Some people succeed at a very high level. Some, sadly, don't succeed at all, making teaching difficult and frustrating. Most of us are in the middle. We won't all find math fun, or breeze through all the problems offered at the math newsletter website, or excel in other fields. But it is not necessary to be a Michael Jordan to enjoy participating in sports, as millions of weekend athletes demonstrate. The world of the mind is just as invigorating.

*A new television series

Meanwhile, PBS is beginning a seven-part series designed to show how mathematics is found in everyday life and science. There will be a companion book by Keith Devlin, author of ``Goodbye, Descartes'' and ``Mathematics: The New Golden Age.'' Several websites have information and things to order

(www.mathlife.org and www.ti.com/calc/mathlife ).

The show is being carried on S.C. Educational Television beginning at 9 p.m. Wednesday, though the schedule shifts to Sundays at 6 p.m. after that; the Rock Hill outlet, WNSC, is available to some viewers in this area as Channel 30 over the air or on cable. Unfortunately, the show is available only at odd hours on the area's two other public television stations: The first show is 3 a.m. Thursday on Charlotte's WTVI

(704-372-2442) in Charlotte and 6 a.m. Sunday, April 19, on UNC-TV (919-549-7061). Teachers can get a guide and a low-cost condensed video from the series through the websites mentioned above or at 800-842-2737.

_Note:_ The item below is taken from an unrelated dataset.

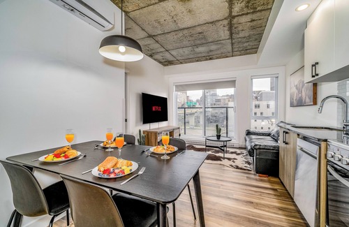 Come and enjoy an unforgettable stay in the heart of the Saint-Roch district in Quebec City. This modern and luxurious condo will charm you with its common areas and its interior design.

*Learning and civilization

Math pervades modern society, as the S.C. ETV website says -and columnist Claudia Smith Brinson writes about math on today's Viewpoint page. More generally, learning pervades society. Knowing and being able to do are vital to our success as individuals, and our survival as a civilization.

Experts are essential; we don't want our doctors and our pilots to be fumblers, or our teachers and our police. But in a democratic society, just having a few experts is not enough. Wise decisions depend on a wise public, on ordinary citizens who understand math, among many other things. The goal should be excellence, at every level, not mediocrity pretending to serve equality. It is important that we nurture and educate everyone: those who can win contests and those who never will.